Genomic Observatories: a framework for harmonised high throughput barcode sequencing of island arthropods
The biodiversity, ecology, and evolution of island arthropod communities can be studied at unprecedented scales and resolution through the individual or joint application of (i) wocDNA metabarcoding, (ii) barcode reference libraries, (iii) multiplex barcoding and (iv) image analyses. Harmonisation across the first three approaches can also provide for a common data currency, facilitating comparisons and synthetic analyses across independent studies. By incorporating the universally accepted arthropod barcode region of the mitochondrial cytochrome oxidase subunit I (COI) gene into wocDNA metabarcoding (Andújar et al., 2018; Elbrecht et al., 2019), the COI barcode region can act as a directly comparable species tag across any given study, transcending potential taxonomic assignment errors within individual studies. The Genomic Observatory concept, within which HTS serves as a core tool for biodiversity assessment (Arribas et al., 2021a), provides a solid foundation for implementing genome-based inventory and monitoring of insular arthropod biodiversity.
Harmonised HTS data generation and bioinformatic workflows for general arthropod inventory and assessment are emerging (e.g. Arribas et al., 2022; Creedy et al., 2021; Srivathsan et al., 2021). However, more development is needed for an inclusive range of sampling protocols that can capture important arthropod fractions of biodiversity on islands (see Montgomery et al., 2021 for a review). For terrestrial fractions of arthropod biodiversity, these can be developed as submodules within the recently proposed framework of Arribas et al. (2022), taking advantage of their proposed downstream submodules for the processing and sequencing of samples.

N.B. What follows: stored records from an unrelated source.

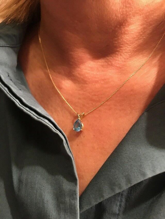Handcrafted in 14k white gold with one pear-shaped Swiss blue topaz (8x6mm, 1.55 ct, AAAA grade, heated and irradiated) set in prong setting with v-bale.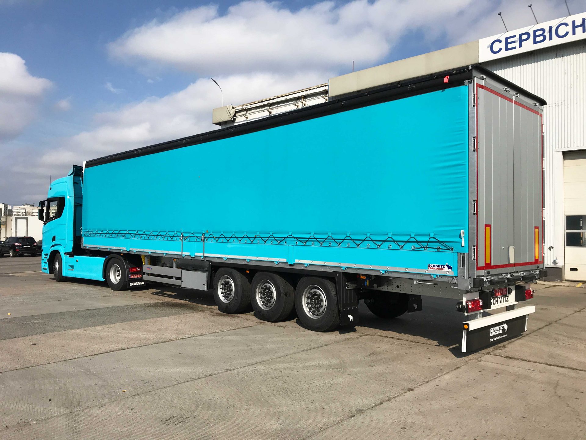 Isn’t it beautiful? The matching colors of the printed curtain sider and the cabin color make for a unique and impressive identifying image. However, what will it look like in a year after UV radiation and other harsh weather conditions have shown their forces? Well, just as beautiful as it looks now!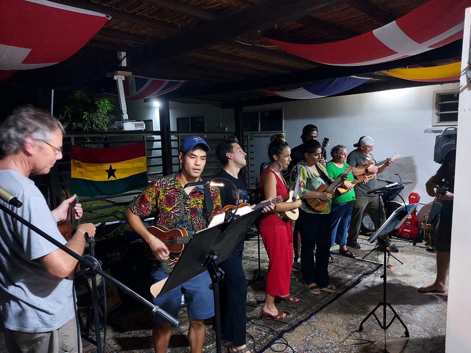 Was für ein schöner Abend, ein Konzert im schuleigenen Wohnzimmer! So in etwa fühlte sich der Auftritt der "Ukes of Hazard" und "O'Brolenkpe" am gestrigen Donnerstag, 05.12.24 an. Die „Selbstverzwergung“ der Band mit "wenig Talent" konnte das Publikum nicht bestätigen und bei dem einen oder anderen Klassiker auch mit Mitsingen honorieren. Gegen 22 Uhr reisten die letzten Gäste ab und hinterließen einen bleibenden Eindruck. Gerne werden wir ihnen nächstes Jahr erneut die Bühne bieten. Die Deutsche Schule Accra nimmt die Rolle als Kulturmittler also auch in einer neuen, weiteren Facette wahr. Gerne würden wir auch anderen Künstlern eine Bühne bieten. Sprechen Sie uns an!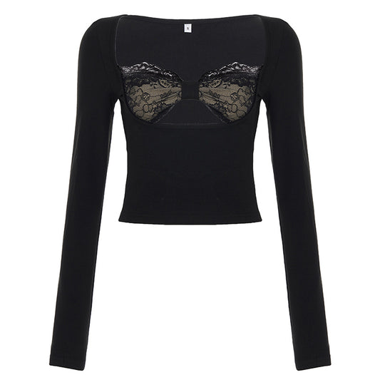 Style: Sexy Fit: Slim Fabric: Polyester Pattern: Solid Element: Lace/Tulle/Fishnet,Cutout Top Length: Short Neckline: V-Neck Sleeve Type: Regular Sleeve Length: Long Sleeve Main Composition: Polyester Season: Spring/Fall F00346418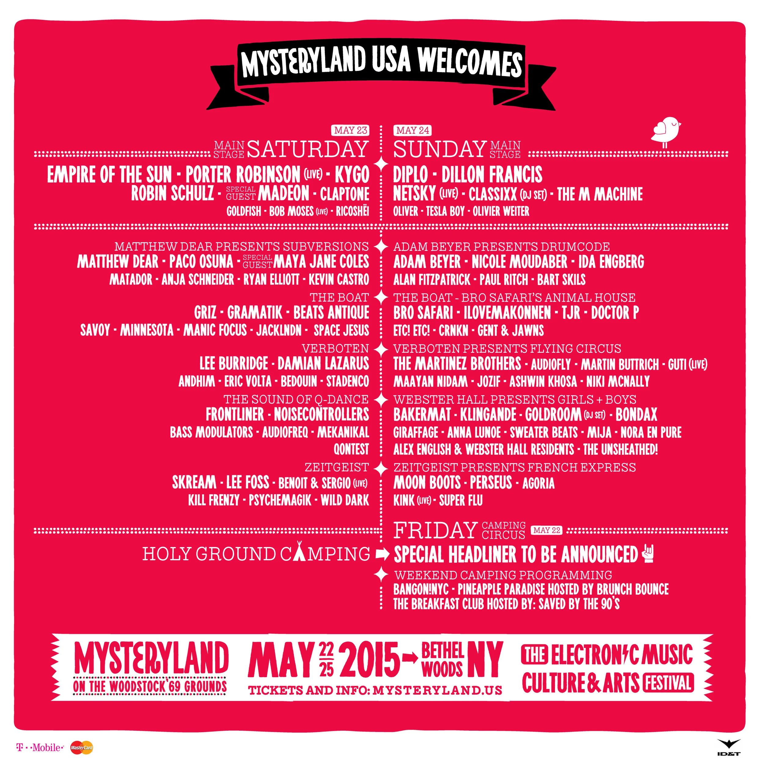 MYSTERYLAND USA 2015 INVITES DIPLO, EMPIRE OF THE SUN, PORTER ROBINSON, KYGO, DILLON FRANCIS, ADAM BEYER, NICOLE MOUDABER, MATTHEW DEAR, PACO OSUNA, MAYA JANE COLES, GRIZ, BRO SAFARI, GRAMATIK, BEATS ANTIQUE, LEE BURRIDGE, DAMIAN LAZARUS, THE MARTINEZ BROTHERS, BAKERMAT, SKREAM, LEE FOSS, MOON BOOTS, PERSEUS AND MANY MORE - FOR ITS SECOND NEW YORK EDITION AT THE WOODSTOCK ‘69 SITE.

In addition to the need for harmonised data generation protocols, there are other generic obstacles for Genomic Observatories that need to be addressed for an efficient island Genomic Observatories Network. One important challenge is to ensure that metabarcode data conform to Findable, Accessible, Interoperable and Reusable (FAIR) Data Principles (Wilkinson et al., 2016), such that new wocDNA metabarcode and multiplex barcoding data sets can be cross-referenced to previous work. In the same way that cross-referencing sequence reads to barcode sequence repositories can assign taxonomy and clarify species origins, additional cross-referencing to a metabarcode sequence repository would facilitate understanding the structure of community similarity over a range of spatial scales. The GEOME (Genomic Observatories Metadatabase; Deck et al., 2017; Riginos et al., 2020) initiative offers a very useful platform, facilitating FAIR data archival practices. GEOME also facilitates DNA data sharing through the deposition of raw genetic data to the Sequence Read Archive (SRA, www.ncbi.nlm.nih.gov/sra), while maintaining persistent links to standard-compliant metadata held in the GEOME database. Achieving seamless cross-referencing among de novo wocDNA metabarcode sequences, multiplex barcoding sequences and repositories of both barcode sequences and wocDNA metabarcode sequences has the potential to dramatically extend the scope and reach of such data.